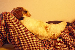 最近は仕事で魚の絵をたくさん描きました。地味な魚を楽しそうに描くのに難しかったけどなんとか描けた!印刷上がりが楽しみです。 そして少し前のまる。 昼間遊び疲れたのか、夜にこの体勢で相方さんの太ももの上で人間のように寝ます。 私のだと長さが足りないのか、頭がうまく乗らないらしいー。 JUGEMテーマ:シーズー
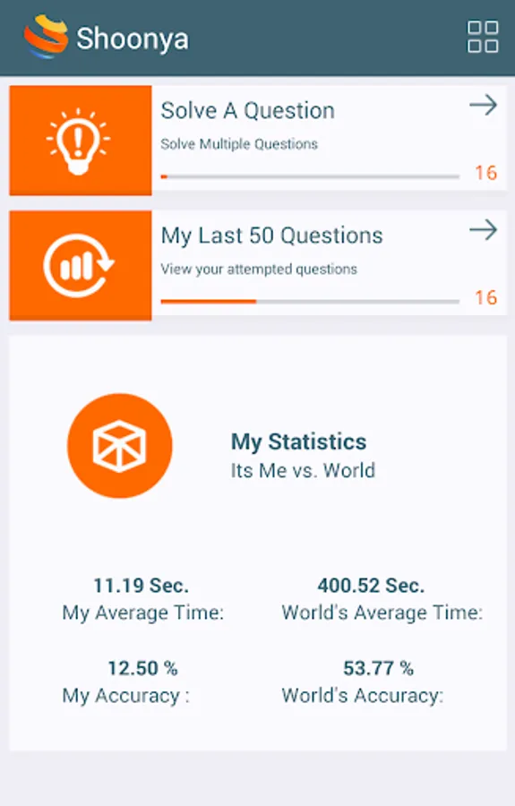 Shoonya has unlimited questions to solve, with constant comparison of your speed and accuracy along with whole world..
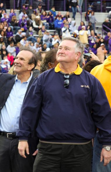 Peter Bulger, right, an avid supporter of UAlbany athletics, is pictured at the 2013 Homecoming Game. Bulger recently added a $500,000 planned gift to the scholarship that bears his name. (Photo by Paul Miller) |

§ **TASK REQUIREMENTS**
Repeat only the lines from the one with "Shoonya has unlimited" through the end of the data, both included and exactly as written. Pictures stay out of the copy.

§ **RESPONSE**
 Shoonya has unlimited questions to solve, with constant comparison of your speed and accuracy along with whole world..
 Peter Bulger, right, an avid supporter of UAlbany athletics, is pictured at the 2013 Homecoming Game. Bulger recently added a $500,000 planned gift to the scholarship that bears his name. (Photo by Paul Miller) |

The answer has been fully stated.